Ethical, Legal, and Privacy Concerns
Metagenomic sequencing may inadvertently capture host genetic information or uncover unexpected pathogens, raising concerns related to patient privacy and ethical reporting. This becomes especially relevant in clinical diagnostics, where returning incidental findings is a complex legal and ethical issue (Quick et al., 2016).

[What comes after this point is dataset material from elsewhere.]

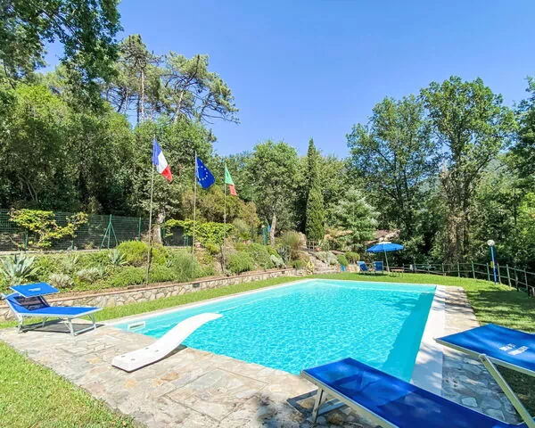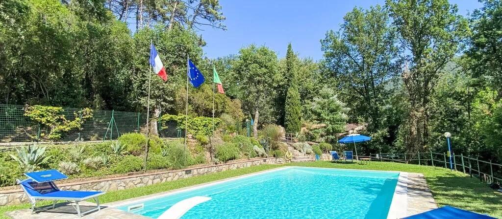 Maison à 2 apts rustique "Alle Piane", de 2 étages, environnée par les arbres. À 4 km du centre de Lucca, situation isolée, tranquille, à 20 km de la mer, à 20 km de la plage, dans la verdure, dans la forêt. En commun: terrain 7 ha, étang. A usage privé: jardin (pas clôturé), piscine (12 x 6 m, profondeur 140 - 300 cm, disponibilité saisonnière: 30.Jun. - 31.Aou.). Entretien de la piscine par le propriétaire/jardinier. Accès en voiture (600 m chemin non goudronné). Place de parking près de la maison. Magasin d'alimentation 1 km, bar 1 km, boulangerie 1 km, arrêt de bus 500 m, plage de sable "Marina di Vecchiano" 18 km. Attractions à proximité: Aeroporto Pisa 25 km. Veuillez noter: Le propriétaire habite dans une partie de maison indépendante. Le propriétaire a un chien. Animaux dans le voisinage.

Future Directions in Viral Metagenomics
Future research in viral metagenomics is expected to focus on integrating multi-omics approaches, such as combining metagenomics with transcriptomics, proteomics, and metabolomics, to better understand viral functions and host interactions (Li et al., 2021). In environmental monitoring, portable sequencing technologies and real-time bioinformatics tools are being developed to track viral diversity and detect emerging pathogens in ecosystems impacted by climate change and human activity (Brum and Sullivan, 2015). In clinical settings, viral metagenomics could enhance personalized medicine by enabling rapid, unbiased pathogen detection and by informing tailored therapeutic strategies based on host–virome interactions (Chiu and Miller, 2019). In addition, advances in artificial intelligence and machine learning are expected to improve viral sequence identification, functional annotation, and prediction of virus-host dynamics (Ren et al., 2020). These developments, alongside ethical frameworks for data use and biosafety, will shape the next generation of viral metagenomics applications.
Conclusion
Human viral metagenomics has fundamentally reshaped our understanding of viral infections, enabling the detection and characterization of known and novel viruses with unparalleled accuracy. This approach has significantly advanced the study of viral diversity, pathogenesis, and host–virus interactions, especially in the context of emerging and reemerging pathogens. While challenges such as data interpretation, contamination, and the need for robust computational tools persist, the ongoing evolution of sequencing technologies, AI-driven analysis, and multi-omics approaches promises to overcome these hurdles. Future research should focus on expanding reference databases, developing real-time surveillance tools, and exploring the role of the virome in noninfectious diseases such as cancer and autoimmune disorders. Looking ahead, the integration of viral metagenomics with other cutting-edge technologies and interdisciplinary collaboration will enhance our ability to monitor and combat viral diseases. The application of viral metagenomics in public health holds vast potential, from early outbreak detection and antimicrobial resistance monitoring to informing vaccine design and personalized medicine. To maximize impact, interdisciplinary collaboration is essential, alongside the development of ethical guidelines and infrastructure to support global data sharing. Policymakers, researchers, and public health officials should prioritize investment in metagenomic surveillance systems, training in computational virology, and frameworks for integrating metagenomic data into routine diagnostics and public health strategies. Ultimately, human viral metagenomics will continue to play a pivotal role in shaping the future of virology, public health, and the development of novel diagnostic and therapeutic strategies.
Authors’ Contributions
The author was responsible for all aspects of the research, including conceptualization, methodology, data collection, analysis, and article preparation.
Footnotes
Author Disclosure Statement
No conflicting financial interests exist. In this review, the authors declare no competing interests, indicating they have no affiliations or financial involvement that could potentially sway their findings.
Funding Information
No funding was received for this article.